▶ [What you are asked to do] The expected output is an exact copy of the lines from the one containing "and extracellular matrix" through the final line of the entries below, with no images.

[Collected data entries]
--- START ---
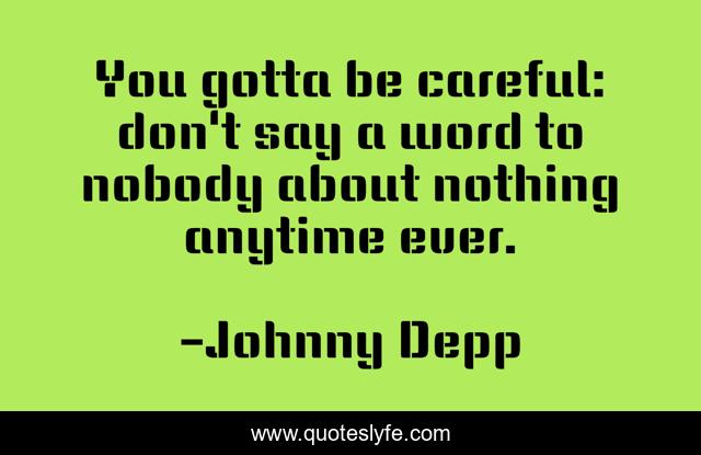This page presents the quote "You gotta be careful: don't say a word to nobody about nothing anytime ever.". Author of this quote is Johnny Depp. This quote is about funny, careful, comedy, silence, talking,.
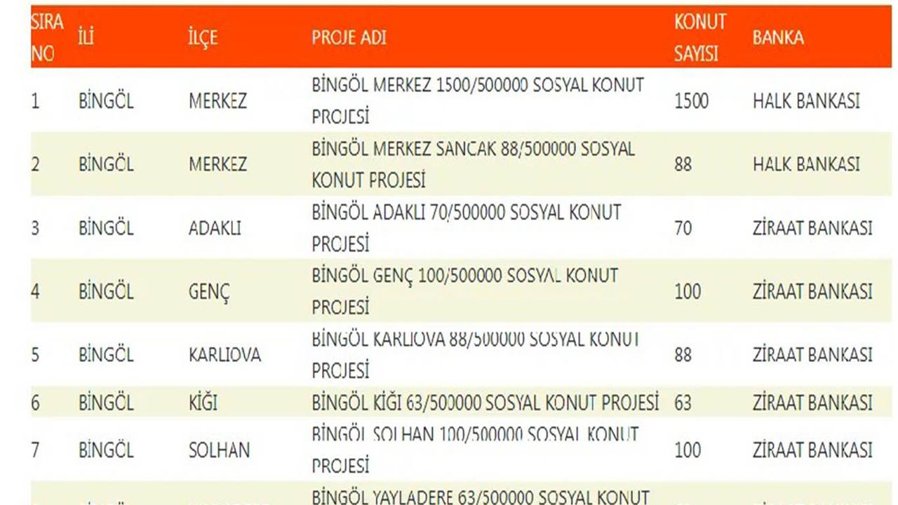 TOKİ’nin açıkladığı listeye göre konut dağılımı şu şekilde: Bingöl Merkez: 1500 konut, Solhan: 100 konut, Genç: 100 konut, Sancak Beldesi: 88 konut, Karlıova: 88 konut, Adaklı: 70 konut, Kiğı: 63 konut, Yayladere: 63 konut.
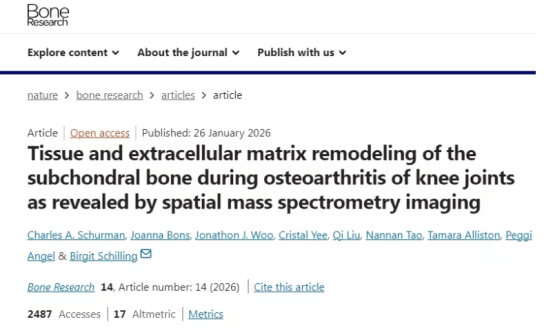 一篇发表在国际杂志Bone Research上题为“Tissue and extracellular matrix remodeling of the subchondral bone during osteoarthritis of knee joints as revealed by spatial mass spectrometry imaging”的研究报告中,来自巴克衰老研究所等机构的科学家们通过研究首次精准捕捉到了这些早期“密报”,研究人员发现,在骨关节炎进程中,软骨下骨的分子重塑发生得比我们想象中更早,甚至在软骨外观尚且完好的时候,骨骼内部已经上演了一场分子“巨变”,这就为我们打开了通过更微创方式实现早期诊断和病情监测的新大门。
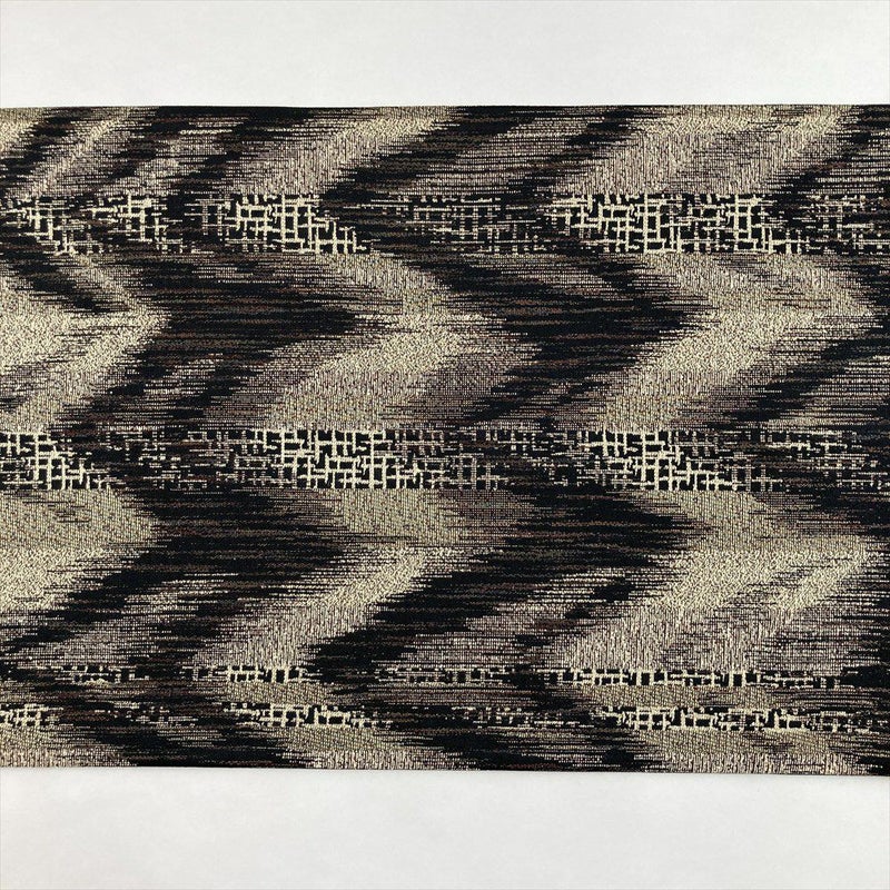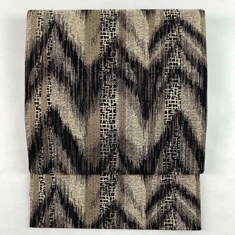 (中古)袋帯 茶 ベージュ カジュアル セミフォーマル 六通 織り 幾何学 絣調 絹
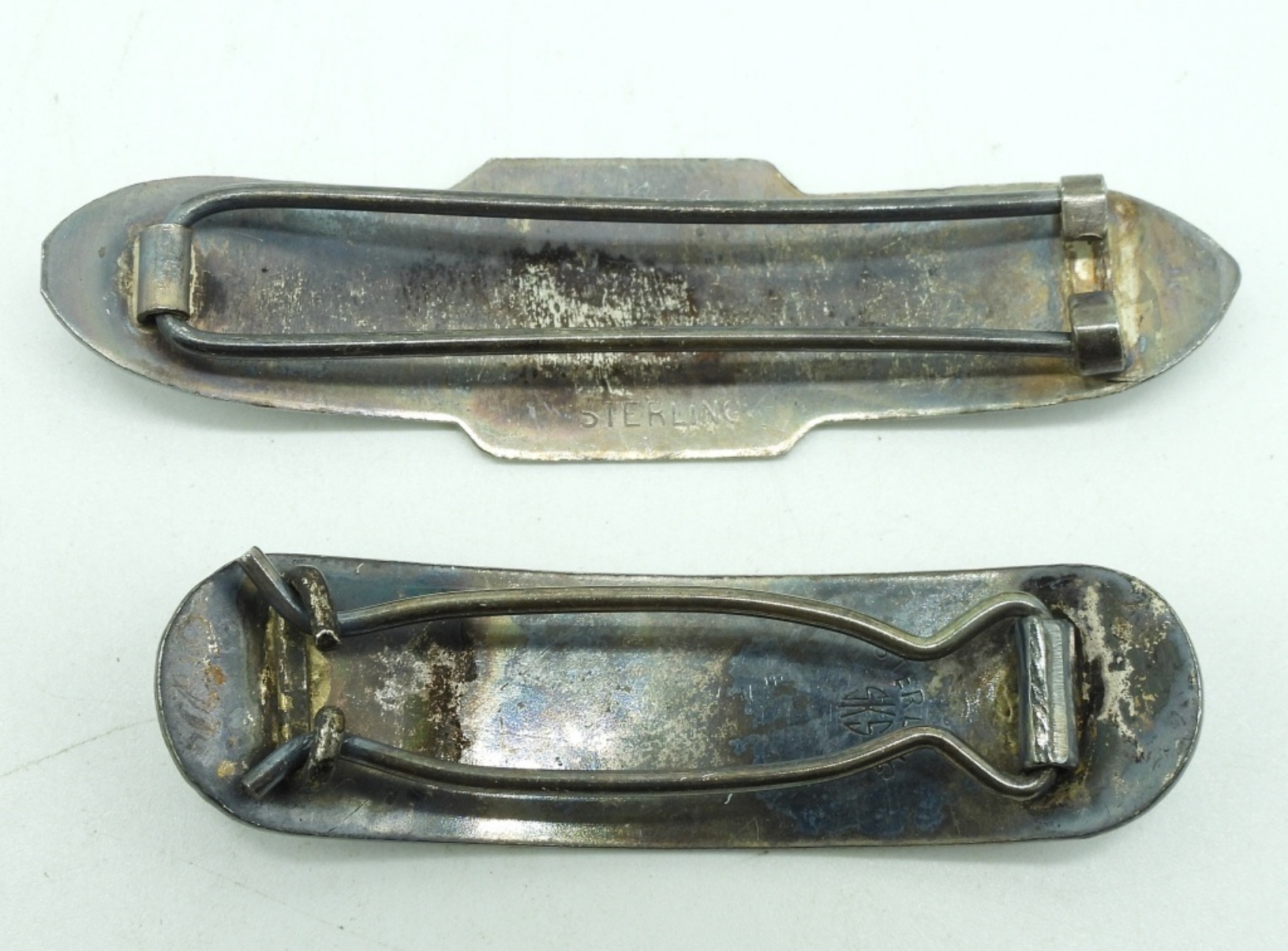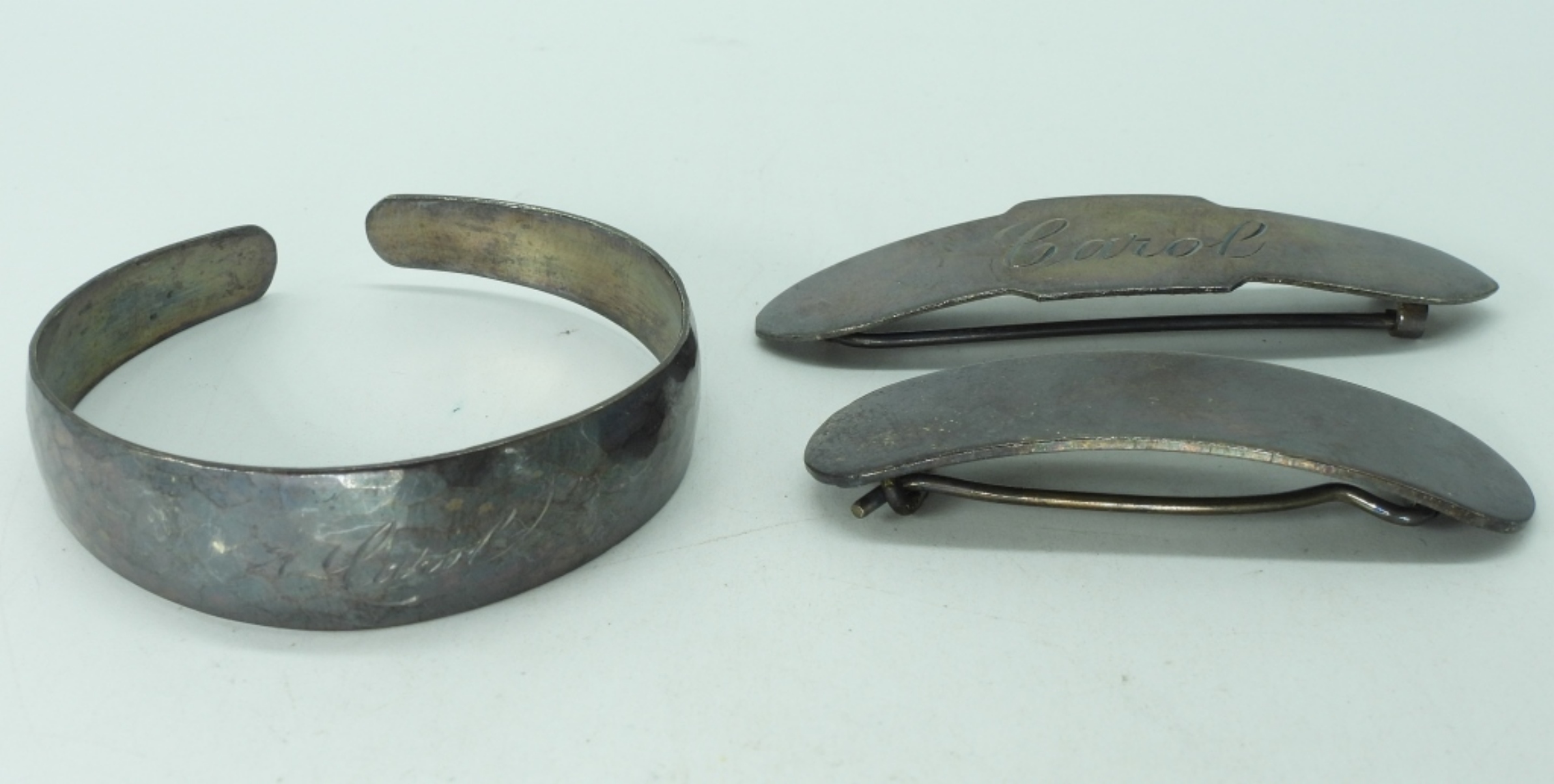 Two sterling antique hair clips (one engraved “Carol”), 2-2.5″ wide. Sterling cuff bracelet (engraved “Carol”) 6″. (14.8 dwt) (6x4x2)
--- END ---
▶ [Answer to this problem]
 一篇发表在国际杂志Bone Research上题为“Tissue and extracellular matrix remodeling of the subchondral bone during osteoarthritis of knee joints as revealed by spatial mass spectrometry imaging”的研究报告中,来自巴克衰老研究所等机构的科学家们通过研究首次精准捕捉到了这些早期“密报”,研究人员发现,在骨关节炎进程中,软骨下骨的分子重塑发生得比我们想象中更早,甚至在软骨外观尚且完好的时候,骨骼内部已经上演了一场分子“巨变”,这就为我们打开了通过更微创方式实现早期诊断和病情监测的新大门。
 (中古)袋帯 茶 ベージュ カジュアル セミフォーマル 六通 織り 幾何学 絣調 絹
 Two sterling antique hair clips (one engraved “Carol”), 2-2.5″ wide. Sterling cuff bracelet (engraved “Carol”) 6″. (14.8 dwt) (6x4x2)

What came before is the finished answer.